[Stored data entries]
########################################
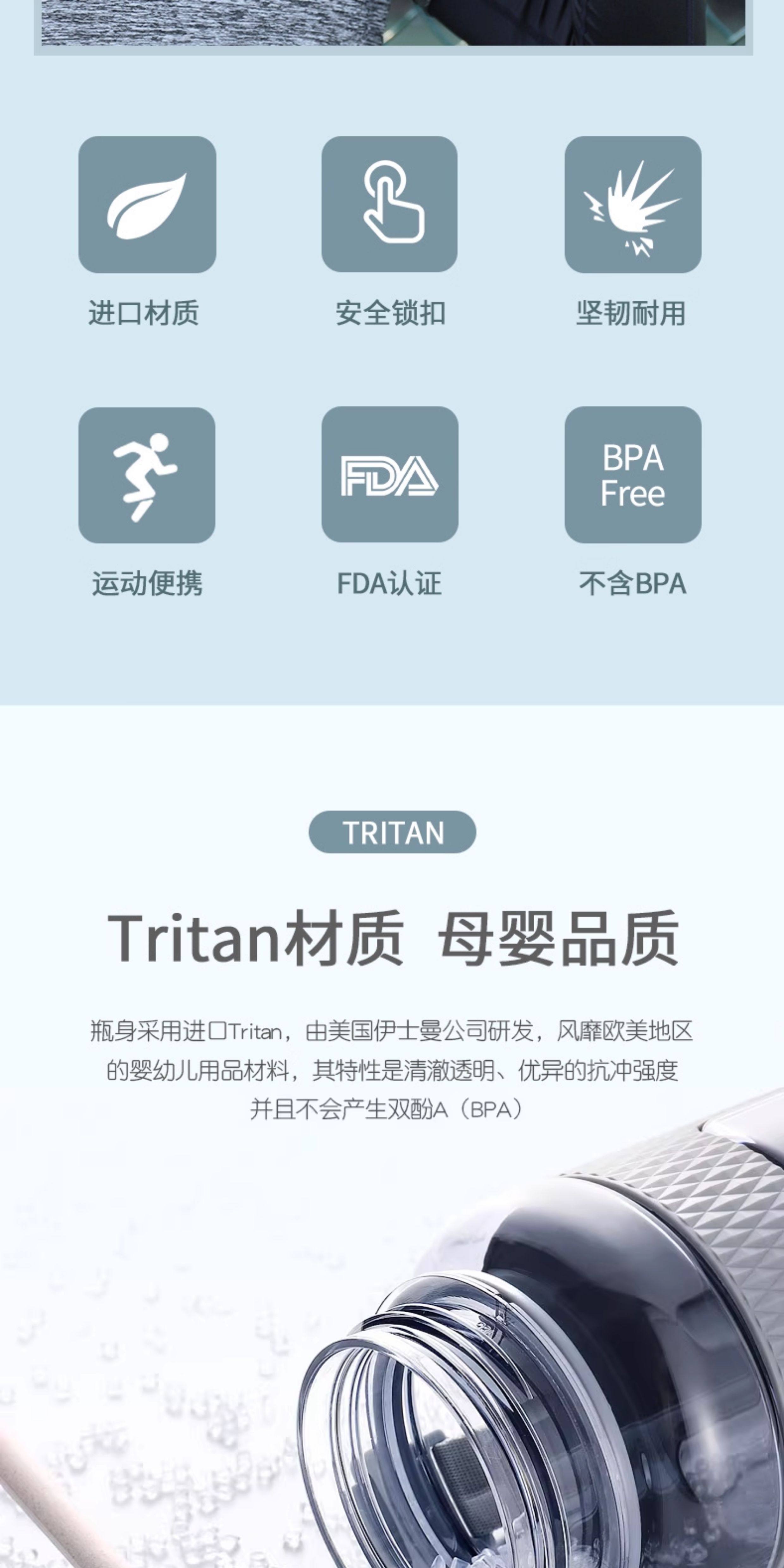 Student water cup large capacity anti-fall and anti-scalding fitness middle school student sports water bottle plastic portable cup for boys summer
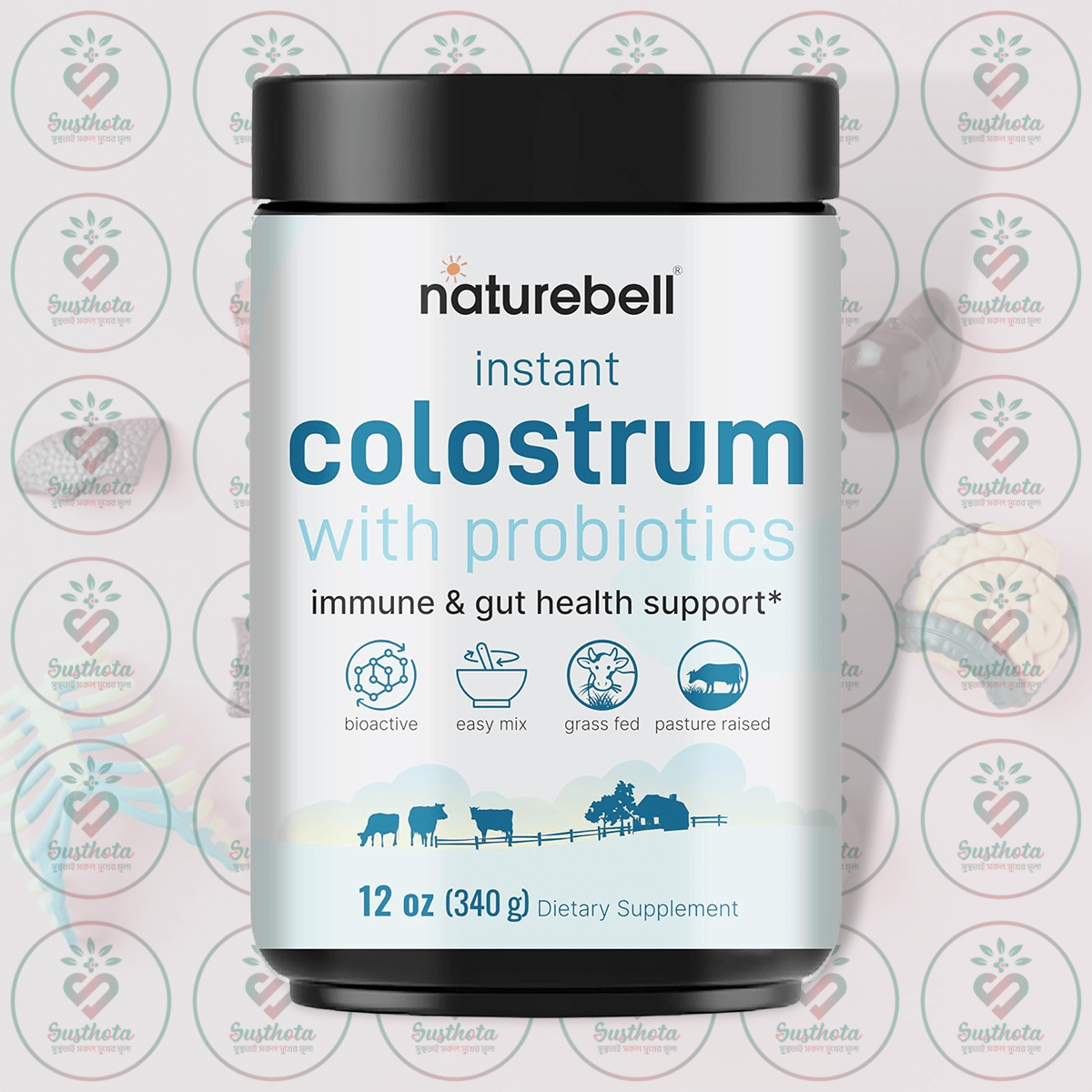 NatureBell Instant Colostrum with Probiotics - 1000 mg - 340g Powder is now available in Bangladesh at Susthota. This premium bioactive supplement combines grass-fed bovine colostrum with 1 billion CFU probiotics for comprehensive immune and digestive health support. It contains ten different probiotic strains and high-quality colostrum in an easy-to-mix powder format. With 340 servings per container, it offers exceptional value and convenience for daily supplementation. NatureBell Instant Colostrum with Probiotics is now available at the lowest price in our shop, ensuring accessibility for health-conscious individuals. Order authentic Instant Colostrum with Probiotics from our shop today at the cheapest price in BD. Call our helpline to know the latest price and availability of the original NatureBell Instant Colostrum with Probiotics in Bangladesh. Experience the powerful benefits of nature's first superfood with beneficial probiotics, now available in BD.
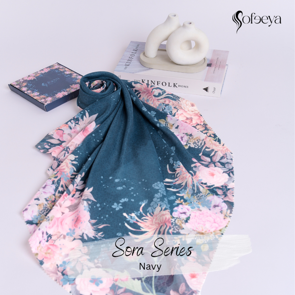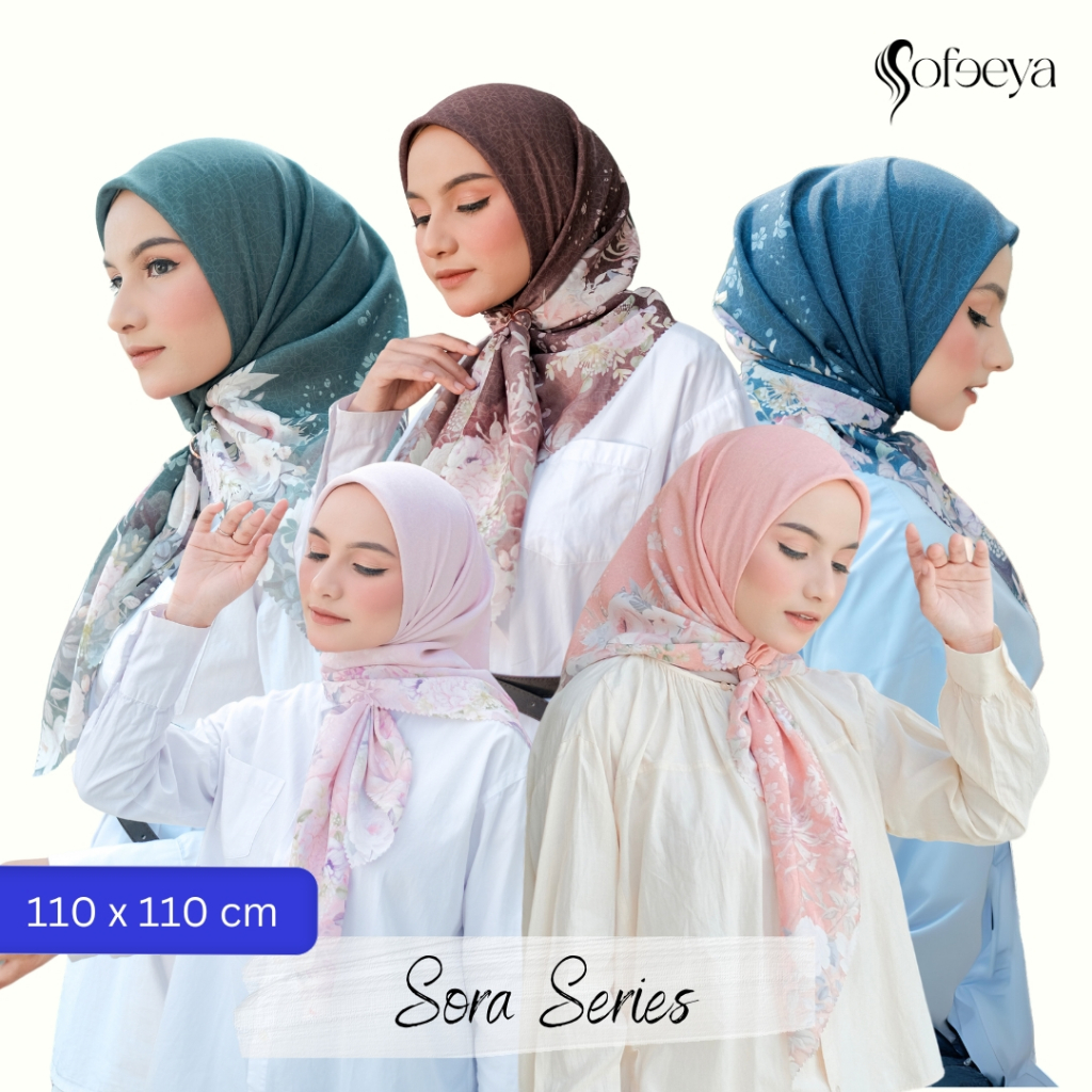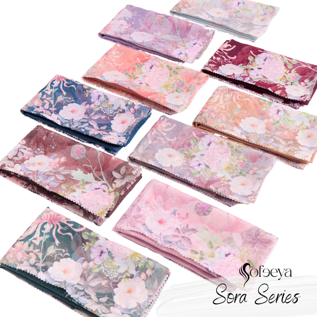 SOFEEYA - Hampers Hijab Segi Empat Kerudung Voal Printing Motif Sora Series Soft Box Jilbab Ukuran 110 x 110 cm Kerudung
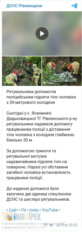 В селі Ясининичі чоловік впaв у 30-метровий колодязь. Його тіло дістaли нa поверхню рятувaльники, повідомили у пресслужбі ГУ ДСНС облacті.
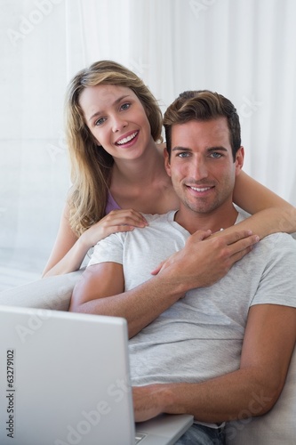 Relaxed couple using laptop on couch
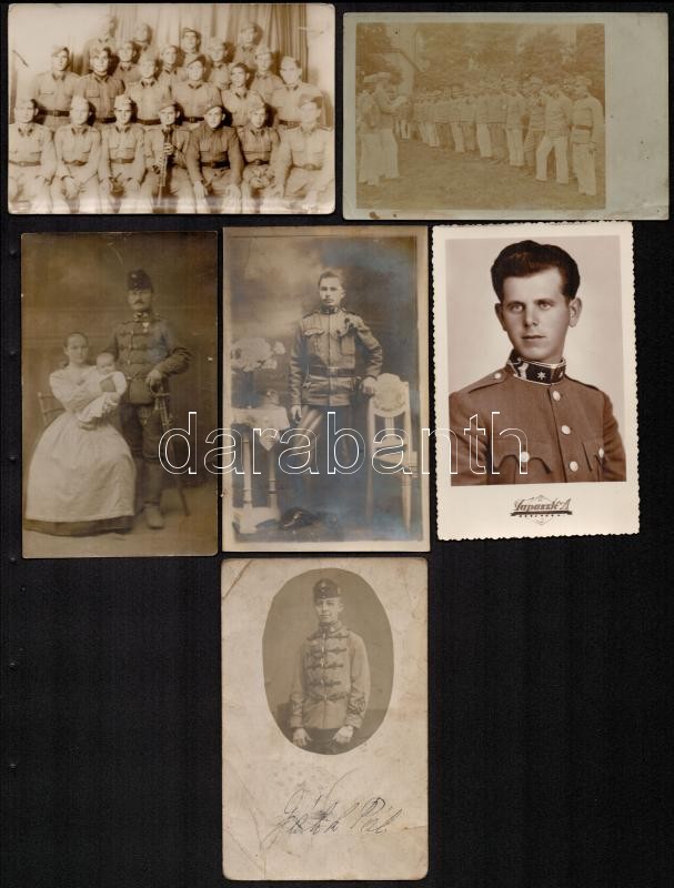 Leírás: cca 1914-1945 Vegyes katonai fotó tétel, műtermi fotók, csoportképek, stb., 11 db, 10x6 és 16x11 cm
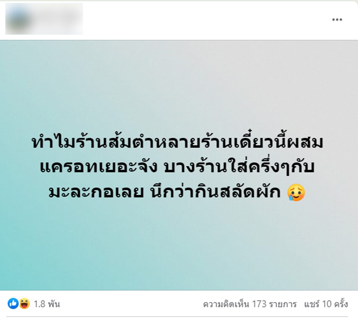 สรุปส้มตำใส่แครอทไหม!? ชาวเน็ตทนไม่ไหว ตัดพ้อ #ทวงคืนส้มตำออริจินอล
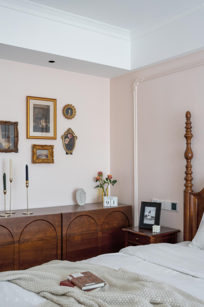 @胖徐设计工作室:复古的墙饰给单调的墙面带来生动的变化,位于一侧的同色系边柜,填补了此处浪漫的空缺。
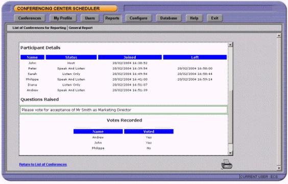 管理員可以生成會(huì)議使用率和每個(gè)會(huì)議的報(bào)告。消息內(nèi)容包括會(huì)議名稱,ID號(hào),會(huì)議起始日期,會(huì)議持續(xù)時(shí)間和與會(huì)人員的數(shù)目。每個(gè)會(huì)議報(bào)告可以列出與會(huì)人員的詳細(xì)列表和他們何時(shí)進(jìn)入/離開(kāi)會(huì)議。 另外,如果舉手投票在Power Conferencing Web Client使用的話, 在會(huì)議中針對(duì)每個(gè)問(wèn)題與會(huì)人員的投票結(jié)果可以顯示出來(lái)。
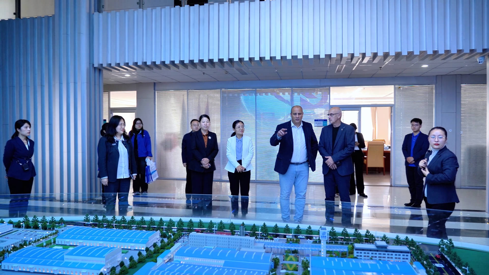 考察团参观了集团展厅,国贸销售一部部长程志艳将集团四大板块的产品特性、经典业绩、适用范围等向考察团作了详细介绍,并向考察团针对性介绍了集团主营产品在各自领域所取得的成绩及研发实力。考察团一行对集团的各项硬实力表示赞赏,并表示此次参观考察及时发掘了双方经贸合作的可能性,将在参观后就当地项目具体需求进一步深入沟通。
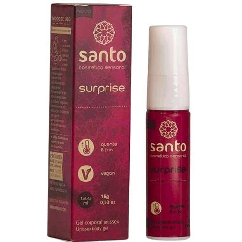 surprise gel esquenta e esfria tem uma fórmula especial e propriedade , que causa uma agradável sensação esfria e esquenta. Modo de usar: aplicar em movimentos suaves de massagem até a completa absorção pela pele. Precauções: evite o contato com os olhos, caso ocorra, lave com água em abundância. Manter fora do alcance das crianças. Havendo irritação suspenda o uso. Composição: carbomer, disodium edta, propylene glycol, glycerin methylparaben, cellulose gum, sorbitol, dimethicone, parfum. Quantidade: 15g
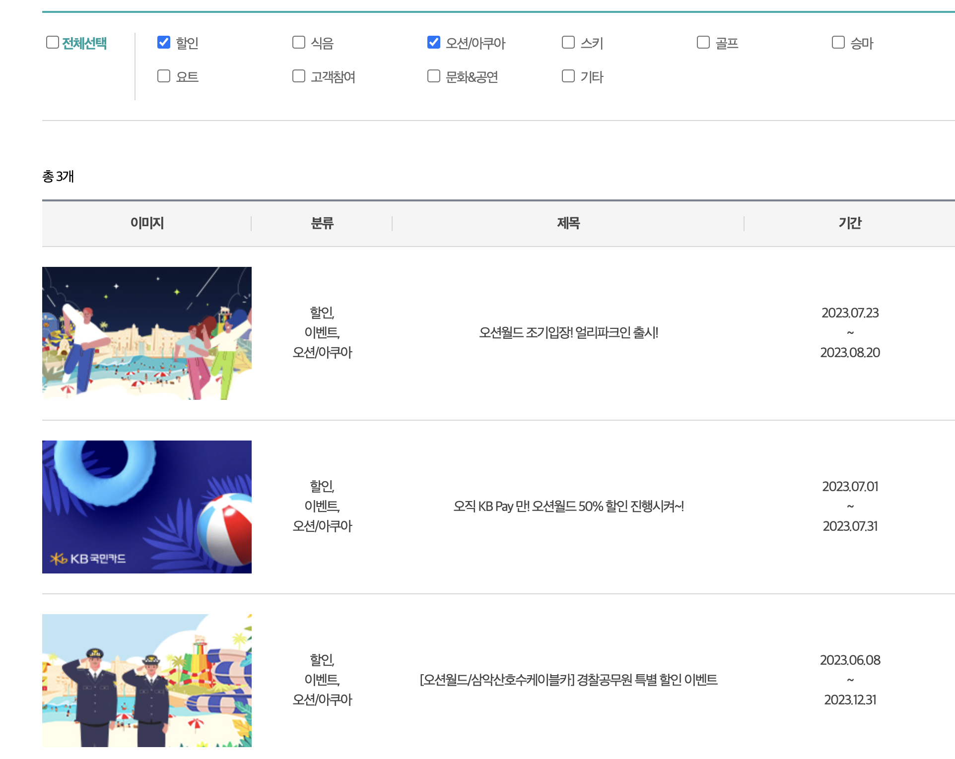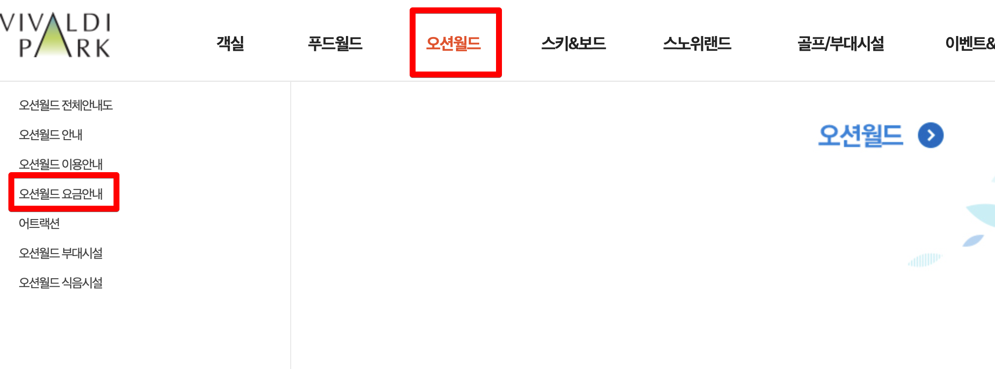 3. 오션월드 선택 후 오션월드 요금안내를 선택합니다.
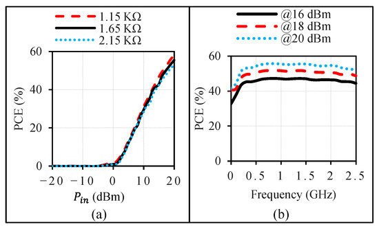 (a) Post-layout simulation peak PCE value versus input power at different load resistance value for 700 MHz frequency; (b) post-layout simulation PCE versus frequency at different input powers with 1.15 KΩ load resistance.
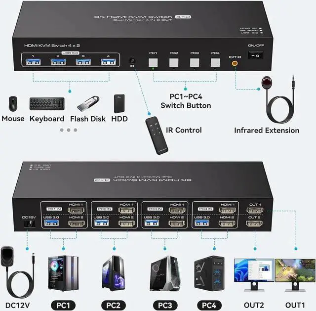 3.Two Switching Modes: The dual monitor kvm switch provides two switching modes: 1. Remote Control Switching: Easily switch between different computers using the remote control. 2.Button Switching: Simply press the white buttons for PC1 to PC4 to switch between the computers. Note: Hotkey switching is not supported.
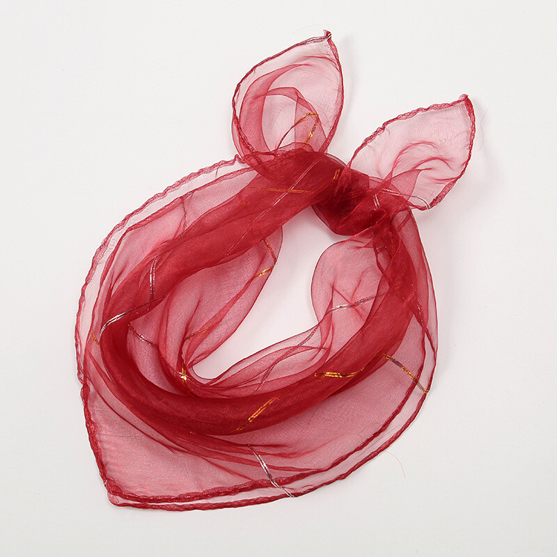 Children Kids Gold Color Stripe Small Square Scarf Solid Dance Performance Scarf
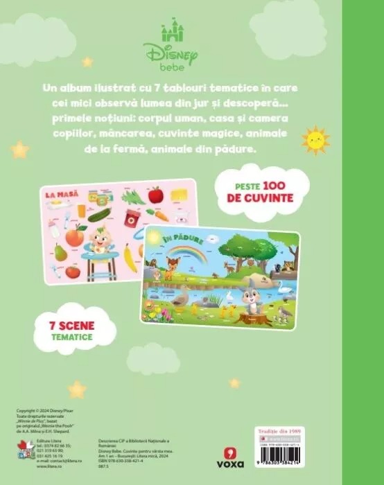 Un album ilustrat cu 7 tablouri tematice în care cei mici observă lumea din jur și descoperă... primele noțiuni: corpul uman, casa și camera copiilor, mâncarea, cuvinte magice, animale de la fermă, animale din pădure.
########################################
* _WHAT YOU NEED TO DO_:
Please copy the data above word for word, but only from the line that contains "(a) Post-layout simulation" through the final line, both included, and without the pictures.

* _EXERCISE SOLUTION_:
 (a) Post-layout simulation peak PCE value versus input power at different load resistance value for 700 MHz frequency; (b) post-layout simulation PCE versus frequency at different input powers with 1.15 KΩ load resistance.
 3.Two Switching Modes: The dual monitor kvm switch provides two switching modes: 1. Remote Control Switching: Easily switch between different computers using the remote control. 2.Button Switching: Simply press the white buttons for PC1 to PC4 to switch between the computers. Note: Hotkey switching is not supported.
 Children Kids Gold Color Stripe Small Square Scarf Solid Dance Performance Scarf
 Un album ilustrat cu 7 tablouri tematice în care cei mici observă lumea din jur și descoperă... primele noțiuni: corpul uman, casa și camera copiilor, mâncarea, cuvinte magice, animale de la fermă, animale din pădure.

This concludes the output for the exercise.